It’s no longer breaking news that we’re living in a self-involved and self-documenting culture as if whatever civilization comes after us will be interested in the duck-faced selfies overwhelming us on Instagram and TikTok. However, there’s an attendant phenomenon that we’re not addressing so much, and it involves the evaporation of modesty and humility as desired qualities.
One of the greatest mistakes I see people making is overestimating their negotiating positions in the universe. It seems we’ve all got friends, family members, or maybe even shrinks telling us to go for it because we deserve more. Sometimes we do. But there’s something to be said for considering a little more humility — keeping in check one’s self-importance and modesty — limiting one’s self-display.
The concept was reinforced for me by an Episcopal priest whose family I lived with when I first moved to Washington. Father Tom told me about an experience he had when he was in the army. His sergeant gave him the worst duty of anyone in his platoon, which included cleaning out garbage pails in a grease pit behind the barracks. In time, Father Tom began to wonder why he alone had been given this terrible job. After all, he was more educated than the others in his group.
He eventually confronted his sergeant, who confirmed that he was indeed the smartest private in the barracks, which was why he was given the assignment. The sergeant feared that if they ever had to be in combat, it would be essential for Father Tom to recognize the need for camaraderie to trump intellect, which was something he feared the private had not yet learned — thus, his duty with “the grease pit and the garbage pail,” which became the title of a sermon he gave later to his Hyattsville, Maryland congregation.
I think of Father Tom, who passed away before the explosion of social media, and the discussions we would have had about the triumph of selfie-ism. I know what he would have thought: At some point, there is never enough attention to compensate for deficits in self-esteem and unconsummated fantasies. There are never enough “likes.” There comes a point when humility becomes an essential ethic as more of the world’s goodies end up in the hands of the few.
Perhaps the greatest difference between my worldview when I was living in Father Tom’s rectory and today is that back then, I believed I was in greater control of the things that would end up happening to me than I was. After all, I had grown up in an era where many television shows ended with the elder saying to the younger something like, “You can be anything you want to be if you put your mind to it.”
No, you can’t. The truth is that there is a frenetic interplay between talent, free will, God/fate/universe/luck or whatever you believe to be external forces. But “you make your own luck,” a billionaire client once told me. I responded, “That’s the kind of thing that lucky people say.”
My client hasn’t had cause (that I’m aware of) to learn humility but being an author and crisis manager yields regular servings of grease pits and garbage pails. None of my clients ever imagined they would end up in the situations they did; failure and misfortune were for their inferiors or people who “brought things on themselves.”
Richard Nixon lost the 1960 election to John F. Kennedy by a sliver. Given the skullduggery that took place, one could make a convincing case that Kennedy stole the election from Nixon. But Nixon conceded if, for no other reason, than modesty and humility were expected in the culture at that time. No such luck in 2020.
I eventually had my answer to what Father Tom would have thought about the ultimate destiny of our self-celebration enacted before me. Coincidentally, this real-life event occurred several miles from where his parish had been.
Shortly before Covid, I took the Acela from Washington to New York. A thirty-ish woman wearing flashy attire came aboard and captured the attention of everyone who had already been seated. There was a tiny dog in her pocketbook. She began barking orders to the train attendant and glanced around to confirm she was being observed. Indeed, she was.
The attendant, a fifty-ish man with uneven teeth and a rural accent, gently explained that she could not bring her dog on the train. As she loudly offered up some excuse, she swept a fluffy scarf back over her shoulder with a flourish.
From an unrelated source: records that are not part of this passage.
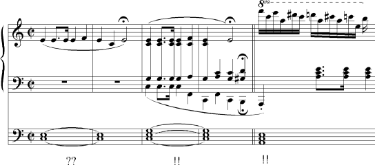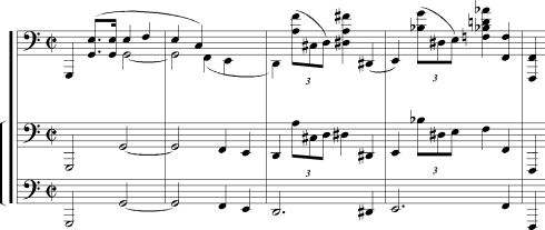 Die Monodie der zwei ersten Takte, welche als melodischer Hauptgedanke – und wohl auch im schönbergschen Sinne als Grundelement der ›developing variation‹5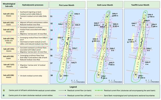 - A high-level clockwise residual circular eddy encompassing the whole bank, caused by flood/ebb tidal dominance, and multiple smaller-scale on-bank clockwise residual eddies, both of which unevenly distribute sediment within the sediment budget cell.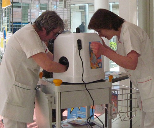 Le P ?le de Sant ? a achet ? une machine ? mains ! L’exp ?rimentateur se frotte les mains puis les introduit dans la machine : si elles sont bien d ?sinfect ?es, un observateur, plac ? en face, les voit bleues !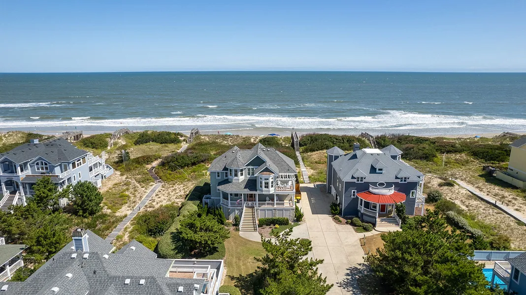 WOW!! STUNNING BUCK ISLAND OCEANFRONT! PANORAMIC AND BREATHTAKING VIEWS! RENOVATED/UPDATED/BEAUTIFULLY FURNISHED! NEW PRIVATE POOL! Welcome to this magnificent oceanfront haven, located just steps from the beach in the Corolla’s captivating Buck Island community. This thoughtfully designed home blends modern luxury and laid-back coastal living, featuring 5 bedrooms, 5.5 bathrooms, and expansive outdoor spaces perfect for entertaining or relaxation. Outdoor Oasis & Versatile Living Spaces: The ground level is made for fun and relaxation, boasting a convenient, spacious family room directly adjacent to the alluring outdoor space. Step outside to find a relaxing, brand-new pool surrounded by an expansive new deck, and the region's wonderful native plant life and the ocean dunes. Located just off the pool area is a shaded seating area with a wonderfully equipped outdoor kitchen and barbecue that is absolutely perfect for hosting summer gatherings or creating outstanding family meals. Inside, a full bathroom on this floor adds more convenience, and the cozy family room makes it easy to relax after a day in the sun. On the second level, you’ll find four comfortable bedrooms. The first bedroom offers access to the outdoor deck that directly overlooks the pool, and is a perfect spot for enjoying morning coffee surrounded by the glow of the sunrise and the sound of ocean waves. Two more bedrooms share a well-designed bathroom, with one of those bedrooms featuring charming full-size bunk beds and a view of the ocean. The highlight of this floor is the large fourth bedroom that includes a large sliding glass door opening to the deck with ocean views, and an en-suite master bath complete with a standing shower and ample storage, including a linen closet. With breathtaking ocean views, the top floor is a showstopper, featuring an open, airy living space with vaulted ceilings that enhance the room’s openness. The large living room offers sweeping ocean panoramas through its many expansive windows, while a sliding glass door leads out to a deck that overlooks the beach. The kitchen is modern and with well-appointed appliances plus ample cabinet and countertop space, and an adjacent more formal dining area provides plenty of room for gathering for meals with family and friends. The master bedroom suite on this floor is a true luxury retreat, offering brilliant sightlines of the Atlantic Ocean from the room’s large windows, and ease of access to the floor’s sweeping outdoor deck. A truly spa-like en-suite bathroom complete with double vanity, large standing shower, and a soaking tub perfectly positioned to take in the ocean vistas complete this outstanding bedroom. For those more quiet moments a small flight of stairs leads to a charming sitting area, ideal for reading and overlooking the neighborhood, completes the home’s incredible third floor. Location and Surrounding Area: 791 Columbia Road is located in Buck Island - a picturesque, semi-oceanfront and beautifully landscaped gated community in the heart of Corolla. Here you’ll have access to the community swimming pool, tennis courts and playground, and you’re a short walk to delicious restaurants, the grocery store, and to boutique shopping of Tim Buck II. This community is also just a few minutes drive south of historic Corolla with the Currituck Lighthouse, Historic Whalehead Club and Park, and more of the town’s other shopping and dining options. This home is perfect for those seeking a luxurious beachside retreat in one of the Outer Banks' most sought-after locations. Whether you're looking for a permanent residence, a vacation home, or an investment property, 791 Columbia Road offers everything you need for the ultimate coastal living experience.

I felt badly for the berated attendant after he gave up on the woman and mumbled something into his walkie-talkie. I told him I was sorry he had to put up with Acela Beyoncé. He was philosophical and explained haltingly that she was some “instafluencer,” which I took to mean social media influencer. He was clearly not well-versed in the whole phenomenon, which made me like him more.
When the train pulled into New Carrolton (not a regular stop on the Acela), five minutes out of Washington, two burly police officers came aboard, took Acela Beyoncé by each arm, and deposited her on the platform as she attempted to assert “who I am.” There was no discussion. The cops didn’t arrest her. They just left her there. Something about the encounter led me to believe they had seen this before. Her face was a mask of shock and puzzlement. As the train pulled away, she stood alone in the cold (with her shivering dog-a-yappin’).